Contracting Relay frees up Dig Inn to not have to figure out those logistics. The company is only charged for the on-demand couriers who come to pick up Dig Inn orders, and Relay’s roster of thousands of couriers ensure that the food won’t be kept waiting for long.
As delivery logistics evolve, there’s an increasingly set expectation that delivery orders should be able to be completed within 30 minutes. With the third-party services, Landers said that sometimes delivery orders would take up to 90 to 105 minutes. Through Room Service, Landers is confident that Dig Inn will be able to consistently hit the 30-minute mark for delivery order completion.
Landers noted that, over time, Dig Inn will work on building a more integrated partnership with the courier service.
Testing It Out
Room Service is available starting January 31 at one location: 691 Broadway, in downtown Manhattan. The delivery-only menu will be available only on Tuesday through Thursday for a limited dinner service starting at 6pm.
Testing the program during dinner offers more breathing room to take time with the orders (about 65 percent of Dig Inn’s business is lunch service), and Eskin views the dinner delivery market as “an area in which there is the largest opportunity” to improve upon what’s available.

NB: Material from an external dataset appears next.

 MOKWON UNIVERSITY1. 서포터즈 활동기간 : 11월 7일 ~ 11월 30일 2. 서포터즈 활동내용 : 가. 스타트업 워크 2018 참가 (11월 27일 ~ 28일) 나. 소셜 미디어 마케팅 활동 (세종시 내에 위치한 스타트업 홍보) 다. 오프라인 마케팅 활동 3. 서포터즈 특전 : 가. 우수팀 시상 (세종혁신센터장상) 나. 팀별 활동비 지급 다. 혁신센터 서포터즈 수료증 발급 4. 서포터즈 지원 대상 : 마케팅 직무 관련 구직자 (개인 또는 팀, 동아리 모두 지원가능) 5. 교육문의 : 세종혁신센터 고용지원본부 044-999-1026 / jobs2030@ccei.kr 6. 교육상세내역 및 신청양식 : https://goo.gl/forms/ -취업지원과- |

As for when the new delivery program will roll out system-wide, “your guess is as good as mine,” Eskin said. “We want to be really patient with this. We’re really proud of this. The worst thing that we could do is expand too quickly. Once we’ve given someone a bad experience, that’s really hard to take back.”
Eskin declined to provide exact figures on how much Dig Inn has spent developing its in-house delivery solution.